C’è poi il nodo della “frattura carsica” che si è generata nel sistema, fra chi vuole superare il rapporto convenzionale dei Mmg e Pls e chi vuole mantenerla. “Probabilmente il tema della dipendenza/convenzione è mal posto – sottolineano gli esperti del Crea – se il tema è il ‘controllo’ si fa fatica a capire perché un dipendente debba essere più governabile di un professionista convenzionato (i dubbi che sia più condizionabile sono più che leciti, vista la difficoltà di licenziamento); se il tema è che le differenze di trattamento fra dipendenti e convenzionati sono ingiustificate, ha ovviamente un senso, e ne vanno valutate le possibilità di superamento; se il tema è ideologico, allora va approfondito seriamente che significhi e che valore normativo abbia la questione del rapporto fiduciario. Quello che pare certo – proseguono – è che non sia accettabile un sistema in cui non c’è rapporto fra la funzione della medicina di base e gli altri setting. Il tema non è solo, e non tanto, l’aggregazione dei professionisti, quanto la loro integrazione con gli altri servizi”. E questo discorso vale in prospettiva anche per gli infermieri “che possano avere una funzione essenziale per lo sviluppo del territorio non c’è dubbio: ma non è chiaro come si deve esplicare”.

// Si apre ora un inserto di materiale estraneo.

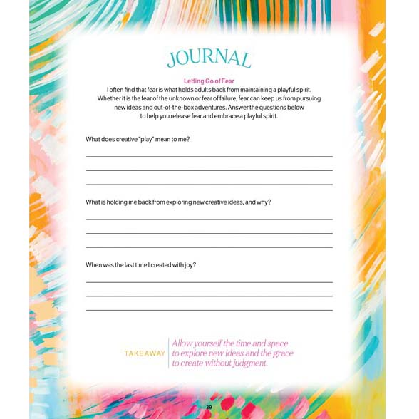 Creative ideas, exercises, and prompts from internationally-acclaimed artist Jessi Raulet (EttaVee). The book is organized into eight chapters and features creative opportunities such as journaling, collage, drawing, painting, and writing. Themes include: nurturing the artist within, exploring various art techniques without self-judgment, identifying and expressing an authentic style, harnessing the creative energy of travel and movement, experiencing the powerful effect of color on emotion, developing creative confidence, and sharing the joy of creativity with others. Designed to inspire, the book comes with metallic edging, elastic closure, foiled cover, and artist-quality paper.

Tirando le somme per il Crea bisogna uscire dalla logica top-down, ossia dalle mera ripartizione dei Fondi su capitoli di spesa (una politica che storicamente si è dimostrata inefficace ed inefficiente), per sviluppare un algoritmo trasparente che misuri il rendimento atteso delle progettualità (per il Ssn e per il Paese). E in base a questo, dare priorità a tutti i progetti che riguardano le aree strategiche, quindi assistenza primaria, digitalizzazione, ammodernamento infrastrutturale, ma anche e soprattutto la ricerca. Progetti che potranno essere trasparentemente raccolti “promuovendo bottom-up una gara di idee”. Un approccio, proseguono gli analisti, che consentirebbe di innescare un processo virtuoso consolidando così la vision di sistema, indirizzando la programmazione e limitando il rischio di logiche a silos e sprechi: “Tutte condizioni davvero essenziali per non sprecare l’opportunità, forse irripetibile, che si è generata a seguito della pandemia”.

“Non possiamo permetterci di commettere l’errore di investire per manutenere l’esistente o tentare di recuperare ritardi su politiche ormai obsolete alla luce della dirompente innovazione che caratterizza il settore – concludono Spandonaro, d’Angela e Polistena – è, invece, necessario creare le condizioni per la transizione verso un nuovo e innovativo modello di servizio sanitario: un modello che risulti efficacie ed efficiente anche fra 10 o più anni. Per investire in modo oculato – aggiungono – è necessario avere una vision ben strutturata, che può definirsi solo con un apporto corale di idee, abbandonando un diffuso conformismo che si nasconde dietro slogan a volte ondivaghi e spesso non supportati da evidenza scientifica; ci vuole anche piena consapevolezza sul fatto che la programmazione delle azioni deve essere ‘ancorata’ alla vision di sistema”.